Читаем Заметки литератора полностью

И бедняга Холден ищет — с кем же поговорить?! Трое суток, в течение которых происходит действие романа, наполнены этими сумбурными, неуклюжими, безуспешными поисками. Лихорадочно призывает он по телефону всех, на кого есть в этом смысле хоть слабая надежда. Среди ночи будит звонком совершенно неизвестную ему женщину, знакомую своего знакомого. На секунду дохнула на него материнская ласковость миссис Морроу. Две серенькие монашки мимолетно прошли перед ним, и смиренное, тихое их существование, их желание делать посильное добро — тронули Холдена, и он вспоминает о них с уважением и теплотой. Теплота ему необходима. Где-то надо же иногда пригреться хоть чуть-чуть. Ведь даже утки деваются куда-то с замерзшего пруда…

Одни люди, чем-то на миг обнадежившие, исчезают бесследно в громадном кипящем городе. Другие не приносят ничего, кроме разочарования.

Среди своих метаний и поисков Холден слышит песенку, которую поет на улице маленький мальчик: «Если кто-то звал кого-то вечером во ржи…».

Эта строчка могла бы стоять эпиграфом к роману. К истории о том, как  к т о - т о, заблудившийся, растерявшийся, звал  к о г о - т о… и не дозвался.

Считается, что в 16 лет человек обязательно влюблен. Холден ни в кого не влюблен, хотя много думает о любви даже в труднейшие дни своей жизни. Не влюблен в Салли — просто попытался душевно уцепиться за это жизнелюбивое, всем довольное создание. Его отношение к «старушке Джейн» туманно для него самого. Что-то в ней привлекает его и трогает; может быть, их роднит несчастливое детство. Но это вовсе не всепоглощающая юношеская влюбленность. Разве Джейн — причина драки со Стредлейтером? Не то ли, что Стредлейтер назвал священную рукавицу покойного маленького Алли «какой-то дурацкой рукавицей», вывело Холдена из терпения? Или просто ему не под силу стало, в его настроении, созерцать наглое преуспевание счастливчика Стредлейтера?

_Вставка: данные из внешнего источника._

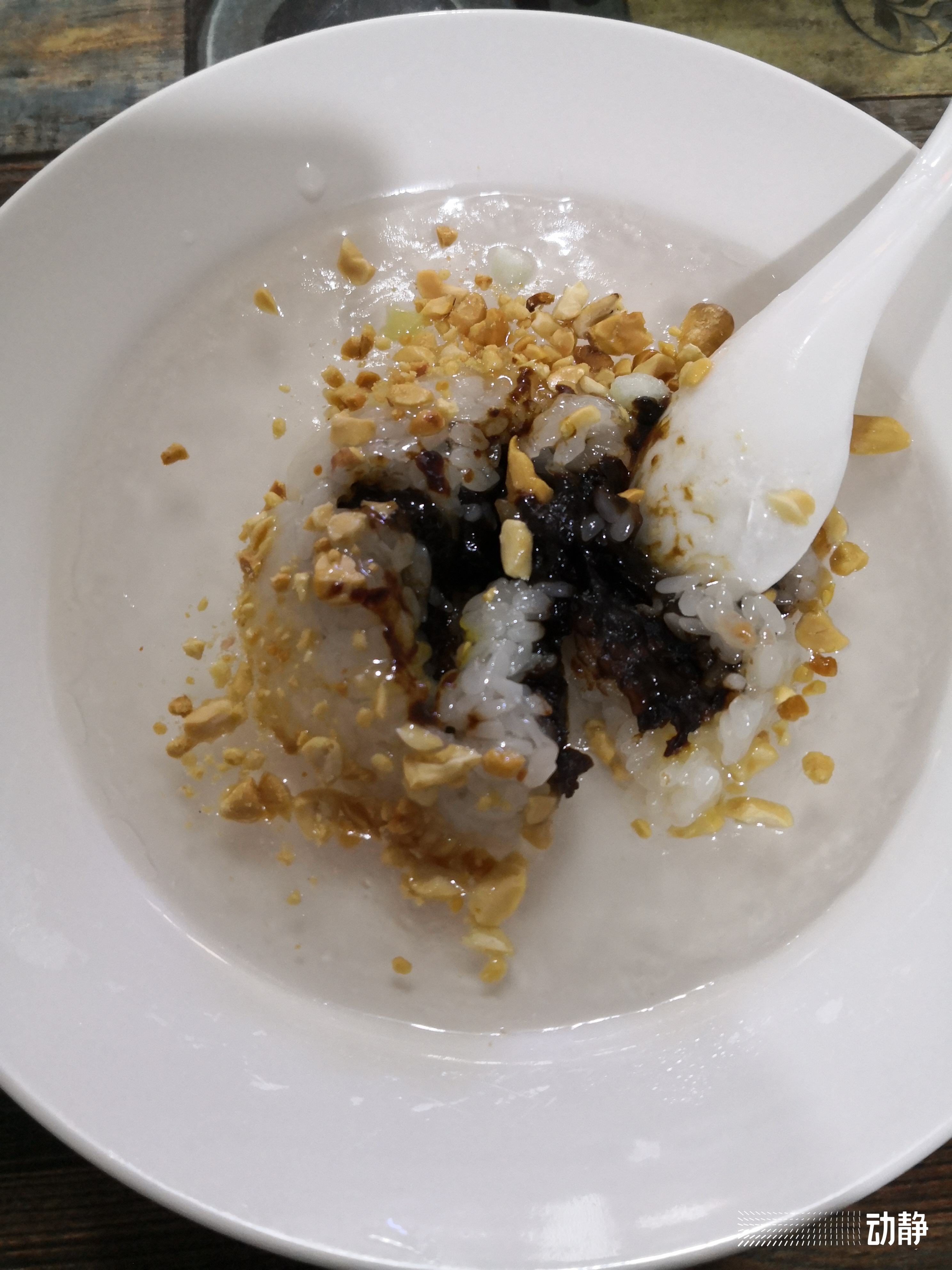 我选了后者,特意交代老板多加一勺红糖,安顺甜品的妙处是材料好,没有乱七八糟的添加物,八宝饭里有洗沙,再加上一些葵花、花生碎之类,本色本味,吃到连盘子底都刮得干干净净。同行的朋友们还买了五十个打包带走,光冲这一条,就能想象得到能有多好吃。

Любовь для Холдена еще впереди, и не распутник он, а — «если уж хотите знать правду, так я девственник… Главное, что как только дойдет до этого, — так девчонка… обязательно скажет: «не надо, перестань». И вся беда в том, что я ее слушаюсь. Другие не слушаются. А я не могу. Я слушаюсь… Главное, мне их всегда жалко».

Ему часто бывает «жалко», часто — «грустно». Навязал ему лифтер проститутку, и она пришла. «Она была совсем девчонка, ей-богу. Чуть ли не моложе меня…» «Взял ее платье, повесил его в шкаф, на плечики. Странное дело, но мне стало как-то грустно, когда я его вешал. Я себе представил, как она заходит в магазин и покупает платье и никто не подозревает, что она проститутка. Приказчик, наверно, подумал, что она просто обыкновенная девочка, и все. Ужасно мне стало грустно, сам не знаю почему».

Мы знаем, чем эта история кончилась и как Холдену пришлось поплатиться за свою девственность не только лишними долларами, но и кровью. Да, за чистоту и добродетель из тебя пускают кровь, таковы порядки в мире, где живет Холден! Девочка, которую он пожалел, ушла со своим покровителем лифтером. Холден опять один в номере, поруганный, избитый. К длинному ряду обид прибавилась еще одна. И уже кажется Холдену, что ничего никогда не будет больше — ничего хорошего. И странный бред рождается в его воспаленной голове — «будто у меня в кишках сидит пуля. Я один сидел в баре, с пулей в животе. Все время я держал руку под курткой, чтобы кровь не капала на пол. Я не хотел подавать виду, что я ранен. Скрывал, что меня, дурака, ранили». Тут в немногих словах сконцентрирована сущность трагедии Холдена.

Символическая пуля, символическая кровь, капающая на пол… Отчий дом, где нет места родному сыну, тоже символичен. Но символика дана бесконечно осторожно — чтобы не выпирала, не портила тонкую ткань произведения. Взять хотя бы многозначительную строчку из песенки: «Если кто-то звал кого-то…» Вначале Холден слышит ее неправильно, он слышит: «Если ты ловил кого-то…» Только через десятки страниц Фиби его поправляет, и он соглашается: «Она была права… По правде говоря, я забыл». И лишь пространностью и подробностью разговора, в котором уточняются слова песенки, автор дает понять, что слова эти важны для его замысла.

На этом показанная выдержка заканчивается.